Introducing Gardener, our homegrown Ethereum oracle

If smart contracts and blockchain technology are going to disrupt anything, they need a way to speak to the outside world. Also known as the blockchain oracle problem, blockchains can’t gather off-chain data without help. Enter the Ethereum oracle — or a way to connect smart contracts with outside information. Until now, there are only a few blockchain oracles on the market, each with limitations — and none for free. Espeo Blockchain development team has changed that. We’ve just launched the first open-source Ethereum oracle, Gardener. At Espeo we strongly believe in transparency and would like to share the code with you. 

Gardener

Before we get into the Ethereum oracle, and the blockchain oracle problem, let’s start with a metaphor that I think captures what oracles do. Imagine a big, beautiful garden with lots of plants. But they’re not everyday plants. Instead, they can talk to each other and they thrive on information. Unfortunately, the garden is surrounded by a high wall, so no one inside can see over it.

Lucky for the plants, there is a gardener, who comes in to take care of them — and fill them in on what’s happening outside. The plants trust everything that the gardener says, and he also feels the responsibility since the information he passes to the plants is their only version of the truth about the world beyond the walls.

Sometimes the plants get suspicious and want the gardener to prove what he says. Let’s say they want to know if any apples grow outside. They want to see an apple from the other side.

Of course, the gardener has to bring an apple with him in order to convince the plants that he’s telling the truth. The gardener knows he can’t lie. If the plants demand proof and discover he’s lying, they would never trust him again and he would lose all his friends in the garden. Living in a state of symbiosis, the plants need the gardener to get information about the outside world and the gardener needs the plants’ trust to keep his job. 

Now switch the walled garden for the blockchain oracle problem, the plants for smart contracts, and the gardener for the Ethereum oracle.

The blockchain oracle problem

Even though it may sound like the plot of a children’s book, our fictional garden demonstrates a few key things about oracles and the problems they address. An oracle in blockchain terminology is an off-chain solution, which acts as a trusted user for a smart contract, which can feed it with data it needs — just like the gardener.

For a deeper dive into the Ethereum oracle topic, you can read my previous article here.

During multiple blockchain development projects at Espeo, we hit the same problem. Smart contracts can cooperate with each other but they have one serious limitation — the blockchain oracle problem. Like the plants in the walled garden, they can’t fetch anything from the world outside of their own blockchain. Do you need to check the current price of bitcoin in an Ethereum smart contract? Sorry, nope. Weather in London? Forget it. In most of our projects, we lacked a good tool to do it. So we built a solution.

Why start a new project?

In the blockchain ecosystem, there are already a few solutions to the blockchain oracle problem. The most popular is OraclizeIT, which our team found really useful. It supports many different data sources (e.g. URL, IPFS, random, computation). It met our expectations in terms of functionality and we used it in our first implementations.
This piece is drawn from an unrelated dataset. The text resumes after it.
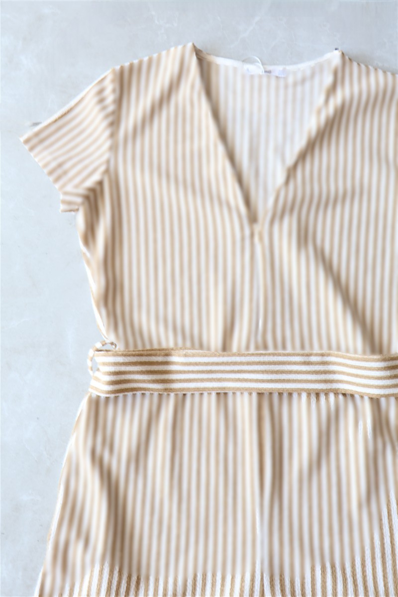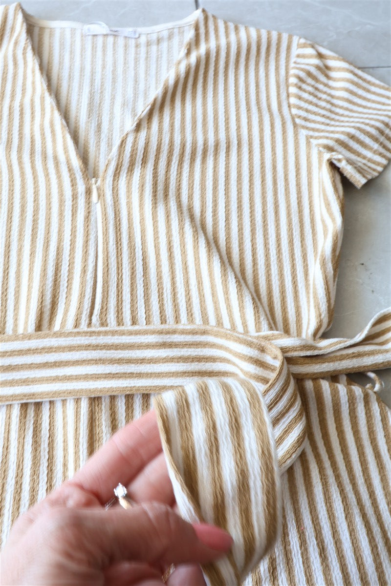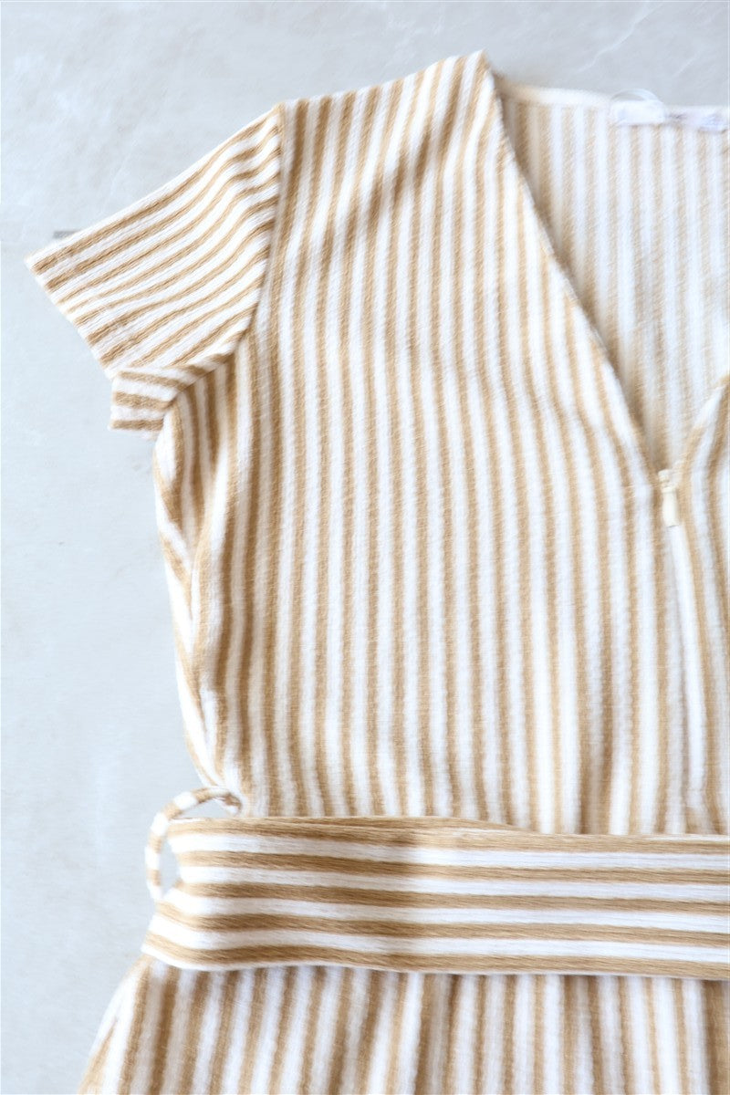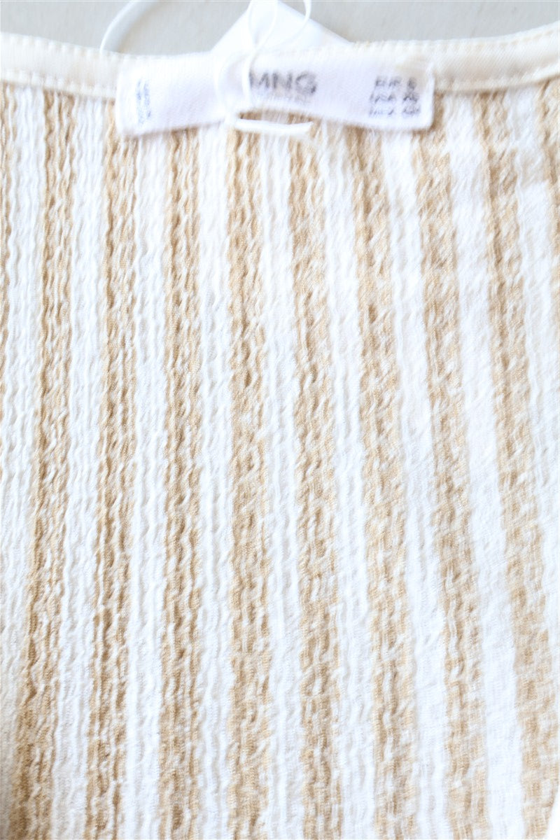 אוברול פסים בשמנת וכאמל של MANGO בגזרה רחבה, עם סגירת רוכסן מקדימה וחגורת קשירה תואמת, מבד מיקס סינטטי במרקם מעט מחוספס.

Another very promising solution is Chainlink. It’s flexible and capable of providing almost any input data to the smart contract and generating an output for other blockchains, payments, etc… The biggest problem, however, is that it only lives on a test network and isn’t ready for production use quite yet.

TownCrier is another solution from Cornell University developers. Their strong academic background results in a completely different approach using Trusted Execution Environment — Intel SGX in particular. This approach guarantees that no one can alter data during processing, because the whole process lives in a safe enclave, which isn’t accessible from any other process or area.

A drawback of this solution is that it has very limited functionality and hasn’t been updated for a while. Chainlink recently acquired TownCrier so it seems things may start to move forward but most probably we’ll still need to wait for a fully functional production-ready solution.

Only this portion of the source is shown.